The benzodiazepine midazolam acts on the expression of the defensive behavior, but not on the processing of aversive information, produced by exposure to the elevated plus maze and electrical stimulations applied to the inferior colliculus of rats

- Intra-IC midazolam reduces fear in rats submitted to the elevated plus maze.
- Escape thresholds of IC electrical stimulation are sensitive to intra-IC midazolam.
- Post-escape freezing is resistant to the action of intra-IC injections of midazolam.
- The antiaversive effect is only found when midazolam is injected into the ventral IC.

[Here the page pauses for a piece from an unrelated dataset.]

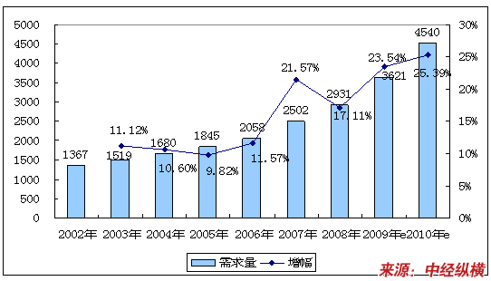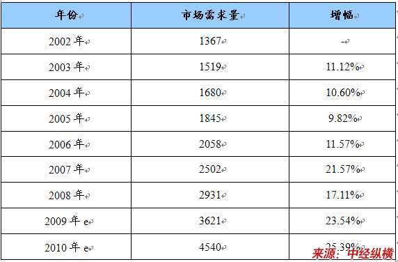 2002—2010年对讲机产品市场需求及预测表 单位:千台

Electrical stimulation of midbrain tectum structures, particularly the dorsal periaqueductal gray (dPAG) and inferior colliculus (IC), produces defensive responses such as freezing and escape behavior. Freezing also results after termination of this stimulation (post-stimulation freezing; PSF). Whereas these responses are critically mediated by GABA in the dPAG, it is unclear how GABA-benzodiazepine mechanisms mediate the expression of fear (freezing and escape behaviors) and the processing of aversive information (PSF) produced by electrical stimulation of the IC. Since dorsal (ICd) and ventral regions (ICv) of the IC react differentially to aversive stimulation, we hypothesized that these regions might be sensitive to the action of benzodiazepine drugs when rats are submitted to animal models of anxiety: the elevated plus maze (EPM) and the IC electrical stimulation procedure. Midazolam (5, 10 or 20 nmol) was injected into the ICd or ICv of rats subjected to one of these tests. Intra-ICv, but not intra-ICd injections, of midazolam reduced the aversiveness of the IC electrical stimulation and decreased fear in the EPM, as assessed by its traditional and complementary measures. In contrast, the IC post-stimulation freezing remained unaltered with midazolam treatments. Thus, there is a clear pharmacological dissociation in the reactivity of dorsal and ventral regions of the IC to fear-provoking stimuli of the two animal models of anxiety used in this study. The present results support the proposal that benzodiazepine-mediated mechanisms are only involved in the output mechanisms of defensive behavior and not involved in the processing of ascending aversive information from the IC.This article is part of the Special Issue entitled 'GABAergic Signaling in Health and Disease'.